Within these governing organizations--elite financial, legal and other groups find ways to maintain their power and justify entrance through succeeding in the meritocracy. Intelligence becomes " a vitally necessary characteristic for those with powerful positions. But it isn’t just a celebration of smartness that characterizes the culture of meritocracy. It’s something more pernicious: a Cult of Smartness in which intelligence is the chief virtue, along with a conviction that smartness is rankable and that the hierarchy of intelligence, like the hierarchy of wealth, never plateaus. In a society as stratified as our own, this is a seductive conclusion to reach. Since there are people who make $500,000, $5 million and $5 billion all within the same elite, perhaps there are leaps equal to such orders of magnitude in cognitive ability as well."

Hayes focuses on the way that this cult of intelligence becomes divorced from morality through the example of the one man who was "behind many of the Bush administration’s most disastrous and destructive decisions"  David Addington, counsel and then chief of staff to Dick Cheney.

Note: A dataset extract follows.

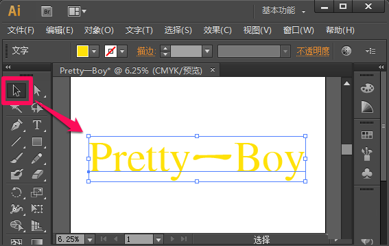 2、在工具栏中选中选择工具,然后点击选中文字。

"Addington was called “Cheney’s Cheney” and “the most powerful man you’ve never heard of.” A former Bush White House lawyer told The New Yorker’s Jane Mayer that the administration’s legal framework for the “war on terror”—from indefinite detention, to torture, to rejection of the 1949 Geneva Accords, to denial of habeas corpus—was “all Addington.” Addington’s defining trait, as portrayed in numerous profiles, is his hard-edged, ideologically focused intelligence. “The boy seemed terribly, terribly bright,” Addington’s high school history teacher told Mayer. “He was scornful of anyone who said anything that was naïve, or less than bright. His sneers were almost palpable.”

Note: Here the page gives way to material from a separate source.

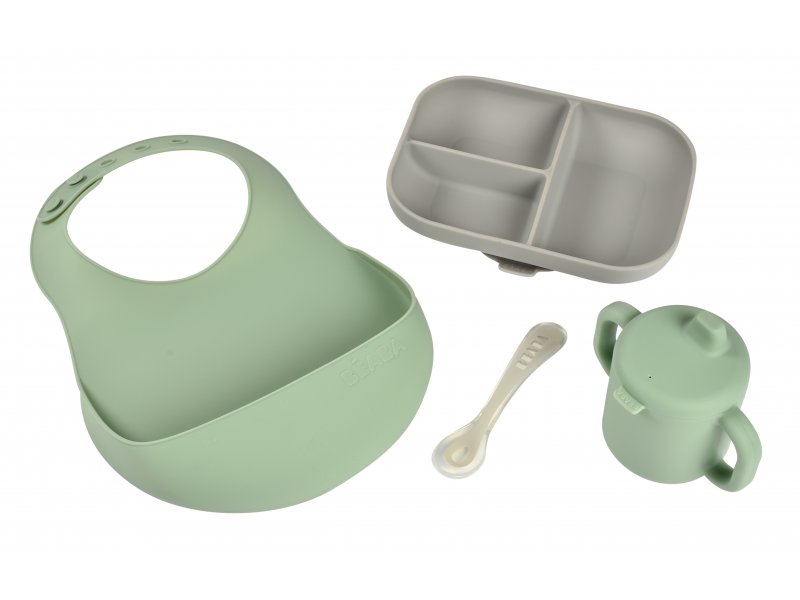 Jídelní sada silikonová 4-dílná s bryndákem Grey / Sage Green

And Hayes gives other examples of how the "cult of smartness" ruined the financial industry with such serious consequences for the rest of the world. How to avoid the cult of smartness? How about, as a first step having ordinary people, at the table to ask that simple questions have intelligible answers. Additionally, how about clearer conflict of interest regulations that prevent all the elites thinking that important institutions like government and banks are there for career advantage rather than for a public good. Hayes refers to Janine Wedel's book, the Shadow Elite, about the new global ruling class, who "recalls visiting Eastern Europe after the fall of the Berlin Wall and finding the elites she met there—those at the center of building the new capitalist societies—toting an array of business cards that represented their various roles: one for their job as a member of parliament, another for the start-up business they were running (which was making its money off government contracts), and yet another for the NGO on the board of which they sat. Wedel writes that those “who adapted to the new environment with the most agility and creativity, who tried out novel ways of operating and got away with them, and sometimes were the most ethically challenged, were most rewarded with influence.”